Под нелюбовь к воробьям чебачинцы подводили историческую базу. Когда Христа распинали, римские воины рассы’пали гвозди. Воробей подпрыгивал, подавал их палачам и чирикал: «Жив! Жив!» И Спаситель сказал ему: «Всю жизнь тебя будут гонять и будешь подпрыгивать». Апокриф хорош, говорил дед, но несколько портит его то, что воробей отнюдь не единственная прыгающая птица – так передвигаются и снегири, и синицы, и все, у кого вместо двух как бы на шарнире берцовых костей – одна, отчего они и не могут ходить.

Последним в переулке был дом Кемпелей-колбасников: старый Кемпель в Энгельсе работал на мясокомбинате. Был он и слесарь, и кузнец, и водопроводчик, сыновья его тоже умели все. Приехали, как и все сосланные поволжские немцы, с одним чемоданом на человека. В трудармию, где немцы гибли тысячами, Кемпеля не взяли как слишком старого, детей – как слишком молодых, семья выжила, обстроилась, сыновья после войны переженились – на своих. В колхозе «Двенадцатая годовщина Октября» старик купил пианино, когда-то реквизированное и лет пятнадцать стоявшее в ленинском уголке без употребленья. Из окон дома колбасников по вечерам слышался Шуберт. Пел старший сын Ганс, механик на пармельнице, аккомпанировала его сестра Ирма, повариха. На работе и во дворе он всегда был очень лохмат. Но когда иногда появлялся на крыльце с идеально гладкими волосами, все знали: скоро из окон польется про «Die sch ne M llerin»,[1] хотя ниточно-ровный пробор будут лицезреть одни домашние. Любил Кемпель-сын и русские песни, пел знаменитую кольцовскую «Ты душа моя, красна девица» в своем переводе, где «красна девица» превращалась в «красную мадемуазель»:

O, du meine Seele

Rote Mademuaselle!

Антону вместо этой мадемуазели сильно хотелось вставить: Lumpenmamselle.[2] Но голос был хорош; когда через много лет Антон услышал Фишера Дискау, а позже – Германа Прая, он почувствовал что-то знакомое – так Шуберта умеют петь только немцы. Теперь в доме жили внуки Кемпеля, из окон доносились «Битлз».

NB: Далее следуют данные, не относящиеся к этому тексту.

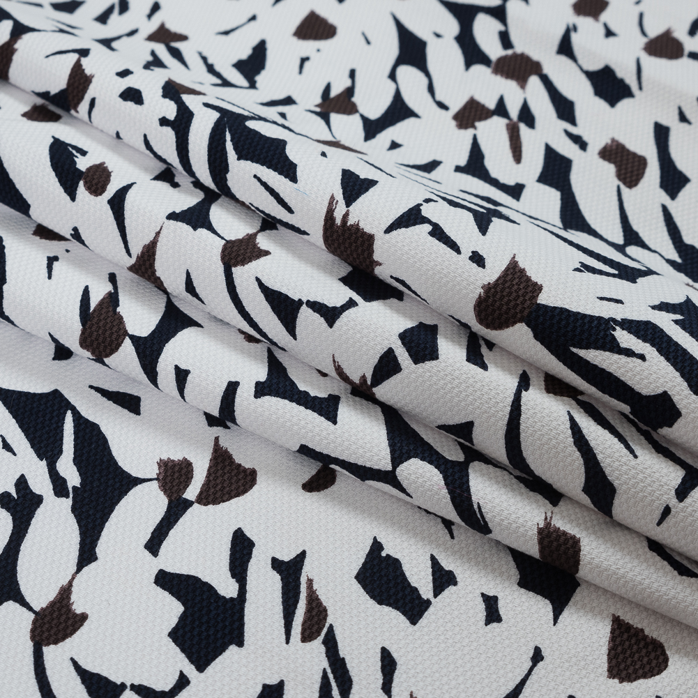 Dress for the occasion in this White, Navy and Brown Floral Stretch Cotton Pique.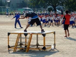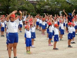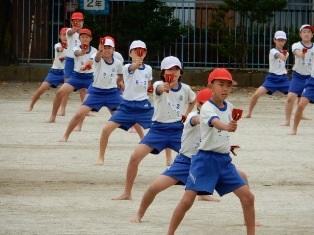 5年生は体育の授業です。運動会に向けて授業が行われています。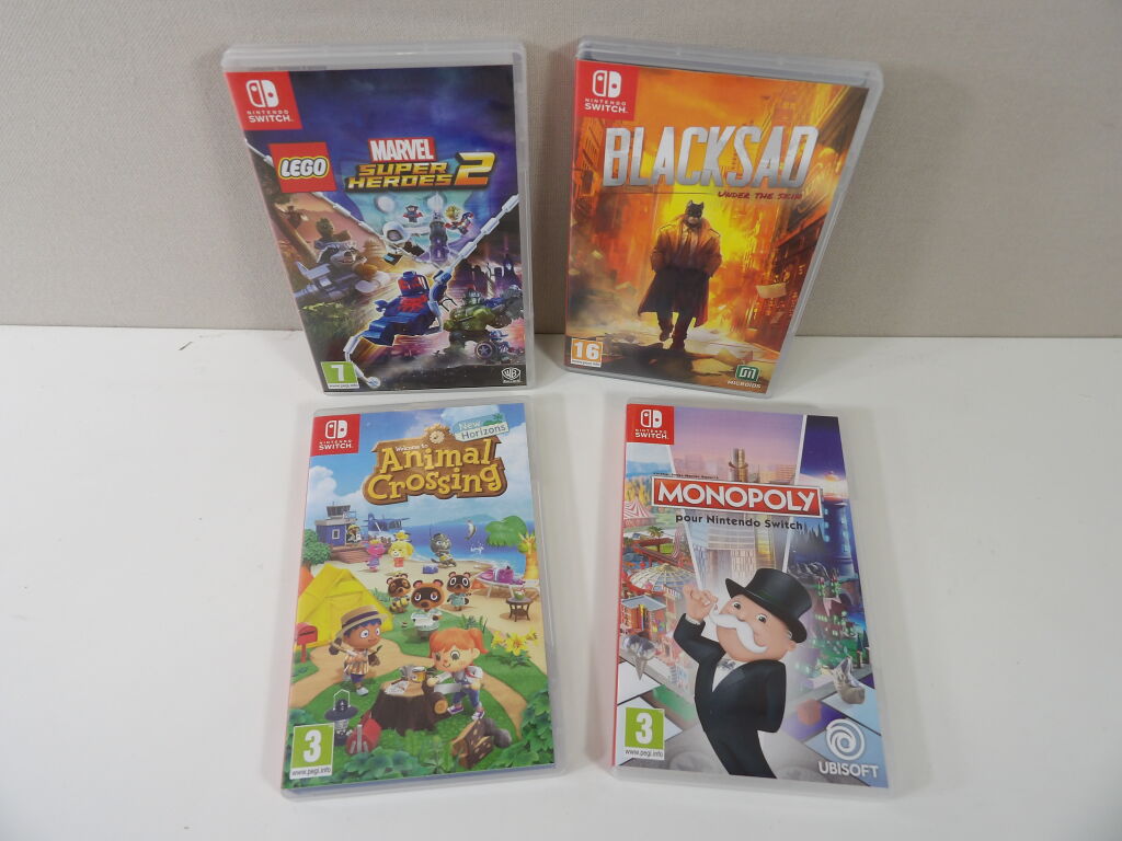 NINTENDO SWITCH : Lot de x4 jeux d'occasion : BLACKSAD Under the skin, Animal Crossing, MONOPOLY et MARVEL Super Heroes 2.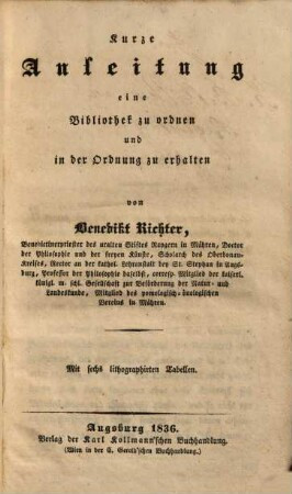 Bibliotekářství: Vydal dílo Kurze Anleitung eine Bibliothek zu ordnen und in der Ordnung zu erhalten (Krátké uvedení, jak pořádat knihovnu a jak ji v pořádku udržet, 1836), které reflektovalo jeho práci v Rajhradě.
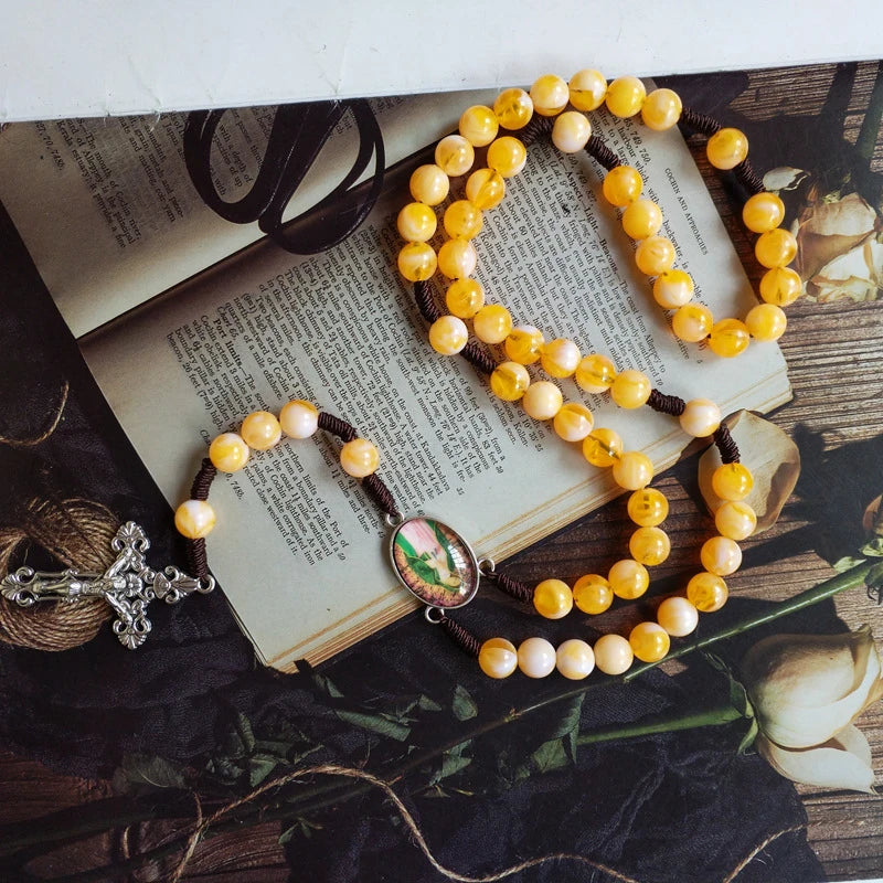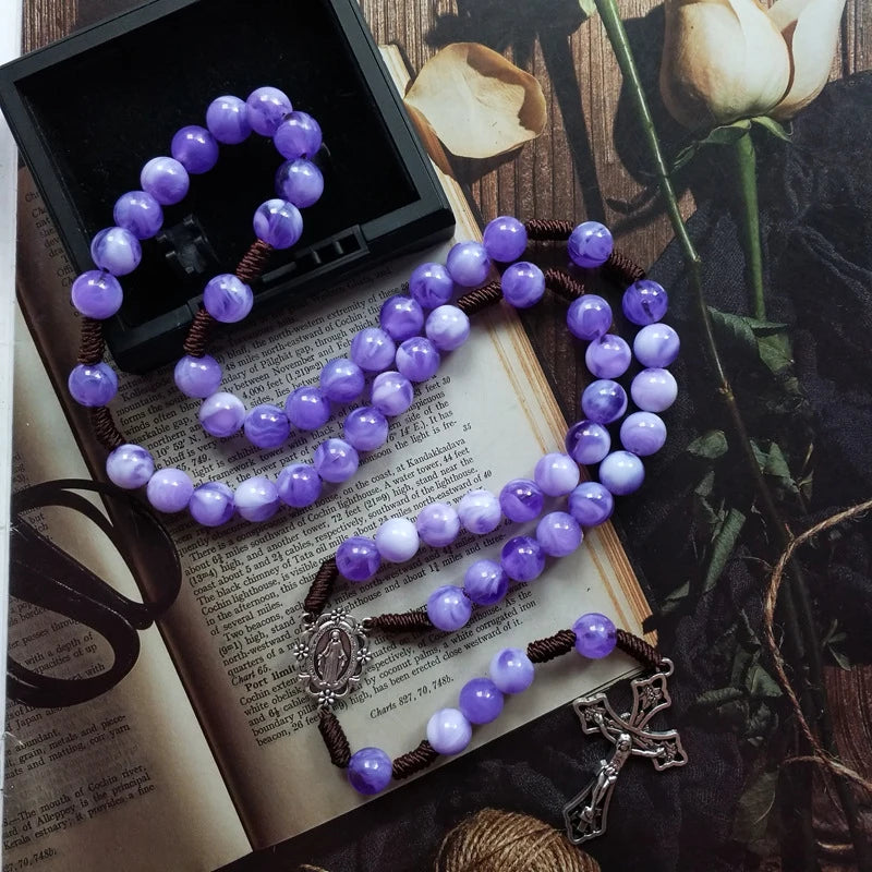Com crucifixo prateado de 3,3 x 5,8 cm, corda resistente e contas de acrílico, este terço une beleza, praticidade e espiritualidade.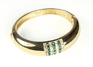 Armreif "HENKEL & GROSSÉ" Pforzheim, goldfarben, sig.: Grossé, mittig besetzt mit grünen u. klaren Carré-Strasssteinen, Kastenschloss mit Scharnierbewegung, B = 15,2 mm (oben), nach unten verjüngend, innen: ca. 56 x 49,5 mm

Переулок выводил к Ленинской, бывшей Дворянской, к центру. На углу стоял городской кинотеатр имени Сакко и Ванцетти. Был еще железнодорожный – имени Клары Цеткин. Говорили: пойдем в Кларку, пойдем к Ссакам. Ссаки располагались в длинном приземистом здании, но внутри с высокими потолками – бывшем оптовом амбаре-складе купца Сапогова.